The plan fiduciaries, that is the employer, must use “standard methodologies” when calculating and disclosing expense and return information, thus facilitating an “apples-to-apples” comparison.
A second rule that goes into effect is a different disclosure of information that is to be made available to the plan fiduciaries. (Yes, no matter what anyone else tells you, you as the employer are a fiduciary on the plan to your employees.) This disclosure is from your service provider to the plan fiduciary regarding all their agreements and compensation.
Your duty, as the employer and fiduciary, is to determine whether the agreements and compensation of your service provider are reasonable. Although this may sound like a difficult task with very little basis for reference, the fact is, this is a very difficult task with very little basis for reference.
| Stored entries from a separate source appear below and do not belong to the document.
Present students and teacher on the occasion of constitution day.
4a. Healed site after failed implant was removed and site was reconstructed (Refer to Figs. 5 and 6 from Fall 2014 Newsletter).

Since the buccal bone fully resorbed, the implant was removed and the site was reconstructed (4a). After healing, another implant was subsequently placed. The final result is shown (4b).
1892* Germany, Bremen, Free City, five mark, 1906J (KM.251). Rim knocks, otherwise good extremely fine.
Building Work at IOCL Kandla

Most employers have no idea what this benchmarking entails and what the penalties are for failing to do this and documenting the results. They certainly don’t get much help from the person who sold them the plan.
Most people in my business are simply salesmen who don’t really know what it means to be a fiduciary, let alone agree to be a co-fiduciary in writing. Many people think that fiduciary is one of the seven words you can’t say on television.
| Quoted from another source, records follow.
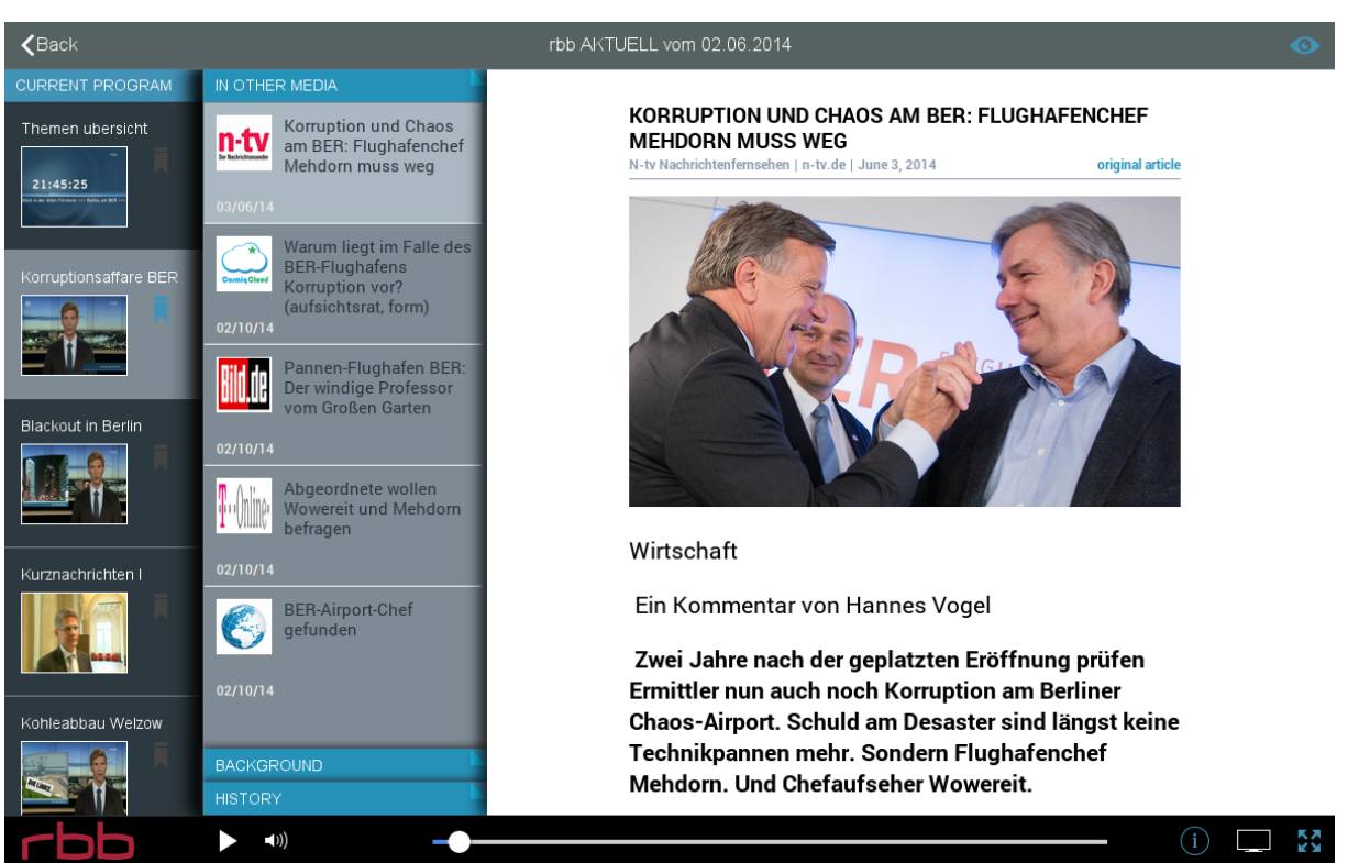
Figure 10: Screenshot of the companion application for news with the "in other media" dimension activated.
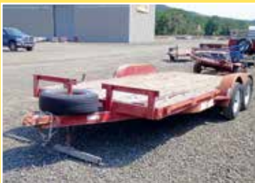
ROAD BOSS 16' EQUIPMENT TRAILER
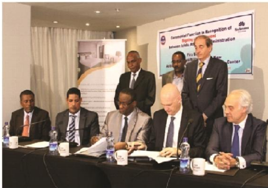
በአዲስ አበባ የአዋጭነት ጥናት ውሳኔ ሲፈረም

በመሥራት ላይ የሚገኘውን የአዲስ አበባ ኤግዚቢሽን ማዕከል እና የገበያ ልማት ድርጅትን በዘመናዊ "የኤግዚቢሽን እና ኮንቬንሽን ማዕከል" ለመተካት ሲካሄድ የነበረው ቅድመ ዝግጅት ተጠናቆ እ.ኤ.አ. በ 08/03/2016 በባርሲሎና ከተማ ከቡር አቶ ድሪባ ኩማ የአዲስ አበባ ከተማ አስተዳደር ከንቲባ በተገኙበት የመግባቢያ ሰነድ ከተፈረመ በኋላ የአዋጭነት ጥናቱ በይፋ የተጀመረበት የውሳኔ ስምምነት በአዲስ አበባ ከተማ አስተዳደር እና በፌዴራል ባርሲሎና መካከል ሰኔ 13 ቀን 2008 ዓ/ም በማርዮት ሆቴል (አዲስ አበባ) ተፈርሟል፡፡
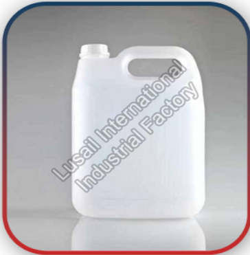
5 Litre HDPE Jerry Can
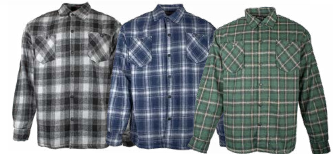
BRAWNY HOODED WFS-FSJ-JPT FLTJ-JPT FLEECE LINED FLANNEL
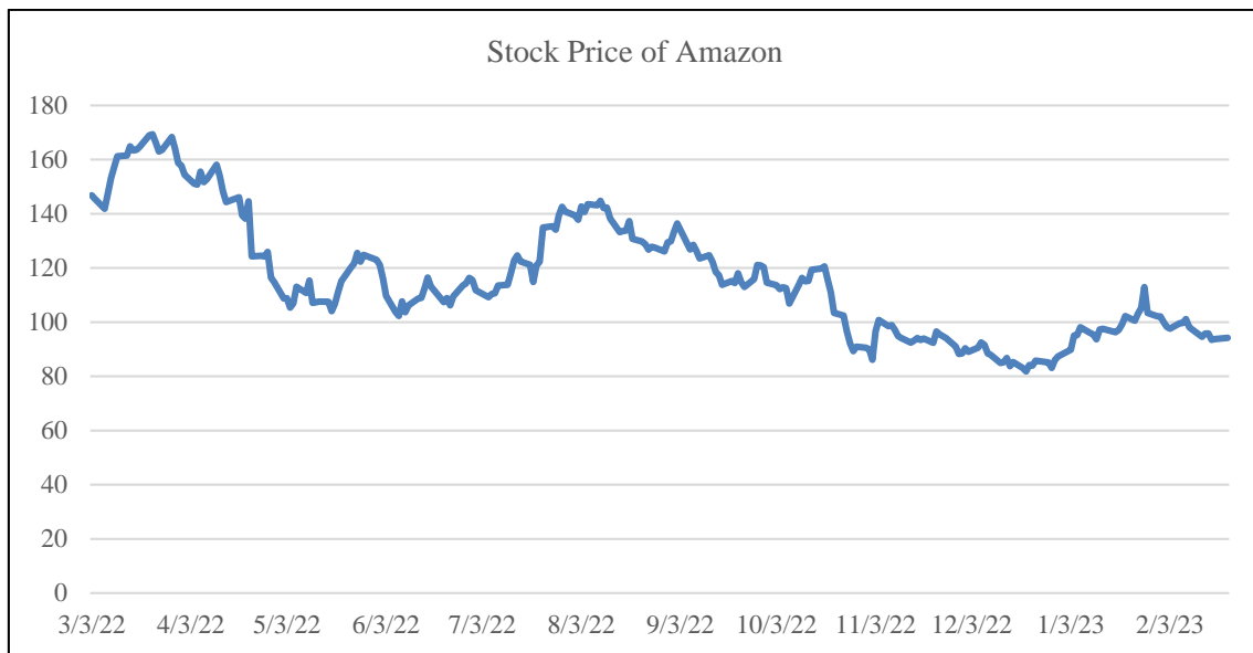
Figure 1. Stock price of Amazon: https://finance.yahoo.com/quote/AMZN?p=AMZN&.tsrc=fin-srch .

As one of the largest e-commerce companies in the world, the shares of Amazon have been strong. As of February 28th, 2023, Amazon's stock price is $93.76 per share. Amazon stock has performed well over the past year, with shares up about 35.53% in the third quarter. But the company's performance is not very good, with net sales reaching approximately $514 billion in 2022, a year-on-year increase of 9%. Amazon posted a net loss of $2.7 billion (Figure 1).
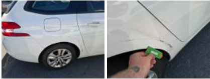
Outer sill R, Dent(s) and scratch(es), Repair and paint (complete)
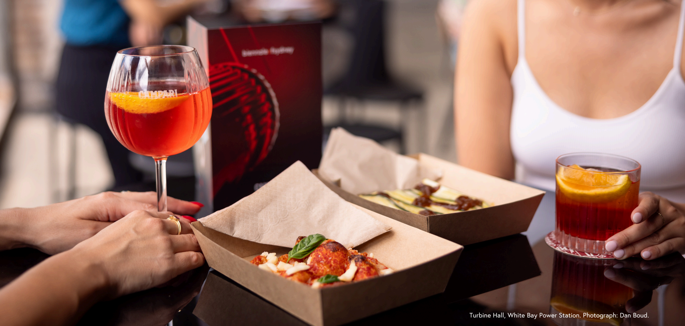
Turbine Hall, White Bay Power Station.
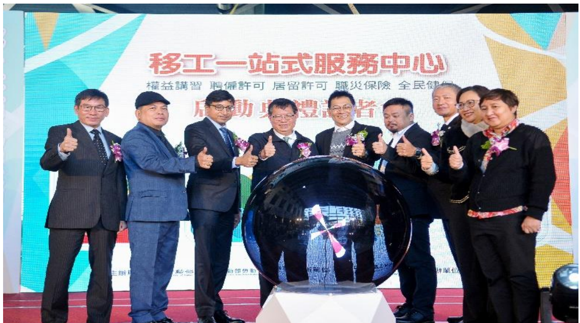
Image 26: Press conference on the launch of the One-Stop Training Workshop for Incoming Migrant

24.12.2022 A press conference was held to launch the One-Stop Incoming Training Workshop for new domestic migrant workers. The opening speech was delivered by Minister Hsu Ming-Chun, who introduced the one-stop service for employers to apply for the five statutory applications and to provide training on the rights of migrant domestic workers.
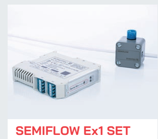
SEMIFLOW Ex1 SET
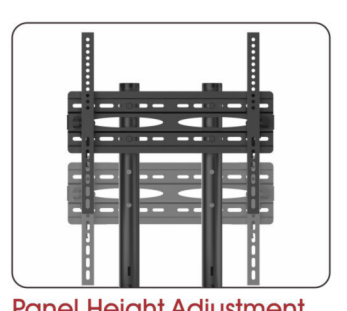
Panel Height Adjustment promotes a customized placement to match different viewing needs anytime.
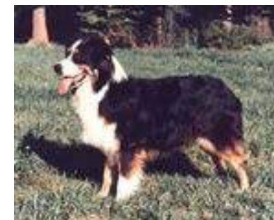
CH Christmas Wishes of Windermere CD STDcs OTDd "Chrissy." Born 1985. By CH Tri-Ivory Roquefort of Higgins CD HOF x Sunny Wishes of Windermere.
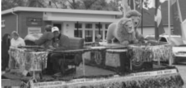
Fillmore Lions Club Float
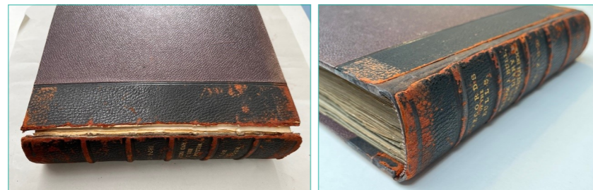
The Bull scrapbook before and after repair

Book conservation work was also performed on bindings in the collections of Sir William Bull (BULL) and Sir John Cockcroft (CKFT). A scrapbook in the Bull collection was in poor condition with detached boards. The repair included inserting a new joint under the spine, extending under the board leather, and dyeing it to match the original.
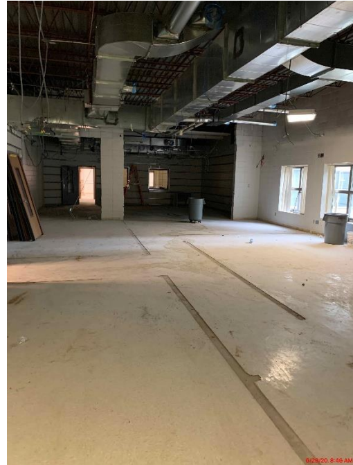
CCES – Walls of old classrooms removed to create new Kids Connection space

The truth is that this is where the solution for employers can be found, i.e., with an adviser who truly specializes in these plans, who knows not only how to follow the rules but has worked directly with the regulators to solve problems and is willing to take on the responsibility of being a co-fiduciary with the employer.
The Department of Labor has hired more than 500 new enforcement agents to look at employer plans and conduct audits. Are you ready? Have you done an internal audit on your plan to prepare for the Dept. of Labor? Do you know what your fiduciary responsibility entails? Does your adviser share in the responsibility in writing? Have you created an ongoing process to stay in compliance?
Interestingly, we have already been involved with several plans that have been audited and have worked with the Dept. of Labor and the employer to satisfy requirements. It won’t be fun if you are not prepared.
All of these new rules are geared to benefit and protect your employees. I think the process is good because it continues to lay the groundwork for less dependence on Social Security and more on private funds. The bad thing is that it does put more responsibility on the employer and some employers will simply say that the plan is not worth it and not provide a plan at all.
Additionally, the penalties for not fulfilling this responsibility are severe and cannot be brushed off as something to deal with when or if it happens. Prepare for the Department of Labor requesting information and do a self-audit with a qualified professional adviser now.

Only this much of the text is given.